Rational Atlantic Eclipse Based Solutions
An anonymous reader writes "The following articles highlight major enhancements to the core Rational software solutions. These solutions, code-named Atlantic, help unify development team members on the open Eclipse framework and more tightly link business, development, and operations organizations."
Who the hell paid to have this shit story posted?!!!
it sounds like some marketing droid came up with that article blurb. Sorry, but that's what it sounds like.
Buzzz, buzz, buzz framework blah blah blah
BINGO!
Is it possible to have article summaries that at least clue intelligent people, who are ignorant to the latest brand name warm-fuzzy methodologies, into the gist of the article?
Something like, "atlantic, is a ______ that works with Eclipse, a ___________________________."
How does the Slashdot Effect happen given that no slashdotters ever RTFA?
http://www-106.ibm.com/developerworks/blogs/dw_blo g_comments.jspa?blog=317&entry=65728
The guy built a client server system for his doorbell! And then, big surprise, it didn't work.
If this makes sense to you, you might like RUP... otherwise, try something simpler! :)
I've told this story from time to time in my public lectures and I've decided to retire this tale, but before I do, I'll preserve it for reference in my blog.
My wife and I designed and built a home a few years ago, and being an alpha geek I just had to fill it with all sorts of automated elements. I hired a contractor to pull the wires (he put about 5 miles of Cat 5 wires in the walls) but as CTO/CIO of the home, I installed the rest of the network. Shortly after I booted the house for the first time, we invited some friends over for dinner. They arrived at the appointed time, rang the doorbell - but we never heard it. They knocked on the door - and we didn't hear that either - so they finally called us on their cell phone, while standing at the front door.
My doorbell had crashed.
Now, doorbells have very simple use cases: you push the button, it rings a tone inside the home. However, my implementation of said doorbell was a bit more complex, and I failed my user base by having the bones of the underlying technology stick through. You see, the doorbell sends a signal to our PBX system, which I hacked to extract events (such as the doorbell being pressed). That event gets routed to an application server - running a non-Macintosh, non-Linux operating system, I might add - which has a deamon that intercepts various events (such as from the PBX, the security system, and so on) and in this case would send an event to the A/V subsystem, where a seasonally-appropriate and pleasant tone would sound through the home. Alas, I failed to use Rational's own tools (Purify in this case) and I had a memory leak in my application server. The solution was to reboot that server, which brought the doorbell back to life.

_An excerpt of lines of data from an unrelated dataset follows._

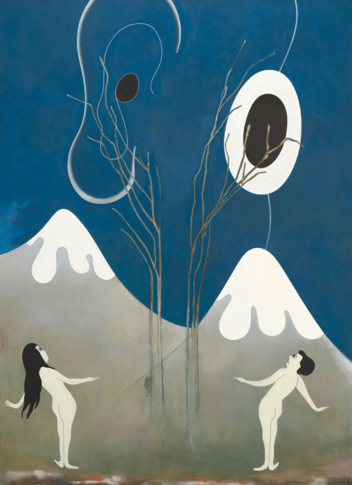 I think of his painting ‘Peaks (The Other Side)’ where two witnesses amid two snow capped mountains look skyward at a figure, perhaps a God of some sort, appearing in the sky.
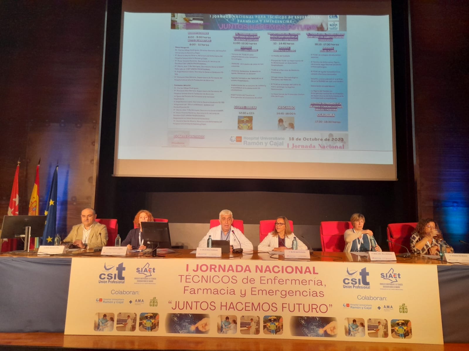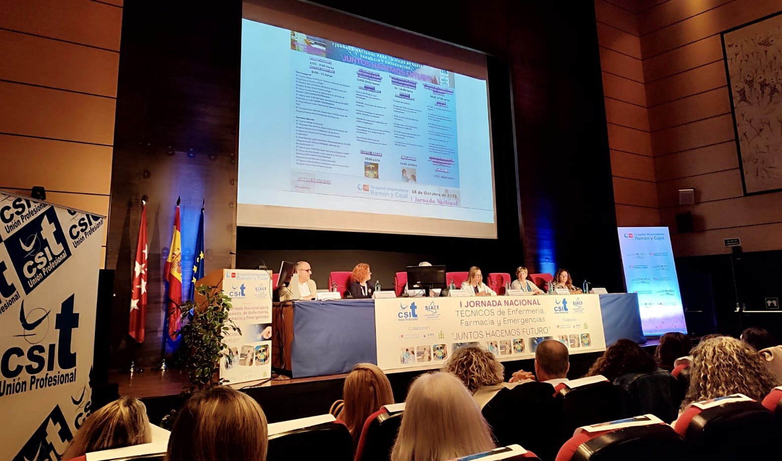 Ayer, 18 de octubre, a cargo del Sindicato Independiente de Técnicos Sanitarios y Sociosanitarios de Madrid, SIAET, federado en CSIT UNIÓN PROFESIONAL, se desarrollaba en el Salón de Actos del Hospital Universitario Ramón y Cajal, la I Jornada Nacional para Técnicos de Enfermería, Farmacia y Emergencias, “Juntos hacemos futuro”, que fue inaugurada por el Director Gerente del hospital anfitrión, Carlos Mingo, con la intervención posterior de su Directora de Enfermería, Beatriz Martín. El acto de apertura de esta Jornada pionera lo realizaba la Secretaria General de SIAET, María José Trillo, con las intervenciones de Rosa Vicente, Secretaria del Área de Sanidad de CSIT UNIÓN PROFESIONAL; Ángel Bustos, Secretario General de FSTESSUMMA112 y Rossana Díez, Supervisora de Farmacia del Hospital U. Fundación Alcorcón. La jornada se dividió en varios bloques para tratar la figura del Técnico Medio Sanitario en calidad y gestión sanitaria, su importancia en la actividad asistencial, su trabajo en ámbitos menos conocidos y finalmente, la entrega de premios a las mejores comunicaciones orales y pósteres que precedía a la clausura.
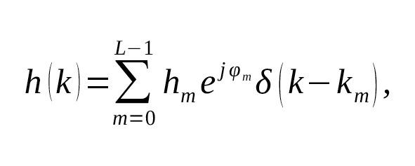 где hm — передаточные коэффициенты лучей многолучевого сигнала, φm — их фазы, km — задержки лучей в выборках, δ (n- km) — функция Кронекера, m — номер луча, L — суммарное число лучей. В случае домашней связи, например, по сети WiFi, в первом приближении функцию hm можно описать распределением Рэлея, а φm — равновероятным распределением. Стоит отметить, что в случае, когда нет прямого луча, формулой Рэлея описывается именно огибающая радиосигнала, то есть изменение коэффициента передачи суммы всех лучей описано по данному закону [54].
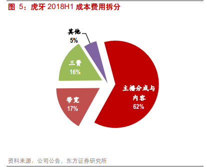 从成本端来看,主播分成与内容成本、带宽成本占据主导。虎牙 2018H1 主播分成与内容成本占总成本的 62%,该项成本主要受到分成比例的影响。各个平台分成比例(平台自留部分)略有不同,虎牙的平台分成比例约为 50%,斗鱼为 55%,而泛娱乐直播平台的分成比例则相对较高,映客、陌陌和 YY 分别达到 70%、60%和 55%。以虎牙为例,假设观众打赏 100 元,平台将获得 50 元,剩下 50 元公会和主播将自行协商分配,一般主播能拿到 50 元中的 70%到 90%,即 35-45 元。此外,虎牙带宽费用占据总成本的 17%,这是由游戏直播的高 MAU 的观看特性所决定,受益于带宽平均价格的下降及云技术等技术进步,带宽成本占比正在不断下降。
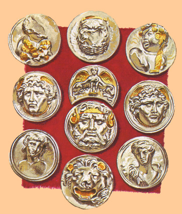 Phalerae: generalmente hechas de plata con incrustaciones de oro; probablemente de origen celta, se entregaban como premios a soldados y oficiales subalternos. |
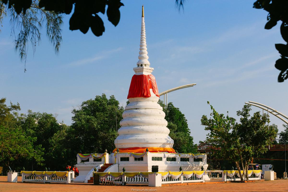 สูง 10 เมตร ตั้งอยู่บนเกาะกลางแม่น้ำระยองเลยค่ะ และมีสะพานไว้เดินเข้าไปชมตัวเจดีย์ จริงๆ แล้ว

I have a very demanding customer (my wife) who really doesn't like to have my software lying around on the floor, and so she was at first annoyed and then amused at the incident. The good news is that I've ripped out the first implementation (I'm not saddled by legacy software here) and my doorbell now works as any good little doorbell should, with all the complexity hidden below the surface.
Yet another example of why the primary task of the software development team is to engineer the illusion of simplicity.
Agile Artisans
regarding major development tooling it makes you wonder just how technically clued up people really are around here.
Do not try to read the dupe, thats impossible. Instead, only try to realize the truth
What truth?
There is no dupe
Rational Rose is commercial software, right? I'm not a developer, so feel free to tell me that I don't know what the hell I'm talking about; I promise I won't kill you like I normally would...
Why am I reading press release-style articles about commercial software on Slashdot? That's not what I come here for!
D.
I know Eclipse and EJB and some of the other framework pieces are either open sourced for at least free downloads but TFA is actually a whole folder of white-paper class documents and they all point to Rational...which is anything but free. I don't have enough time to wade through all that to try and figure out if there is a "solution" in it somewhere that I can afford [i.e. free-as-in-beer].
/.
This art. is probably aimed at a few project managers and PHBs with big for-profit development jobs staring up at them from their to-do lists. I wonder how many such managers even read
SLASHDOT: news for people who can't concentrate on work or have no life at all and got tired of yelling back at the TV.
Rational tools are snake oil. Their adoption is an attempt by desperate managers to compensate for bad hiring decisions. I'd take 5 great developers that don't use these tools over 20 good developers that do.
And the cheapest and safest way by far to accomplish that is to use real simplicity. KISS.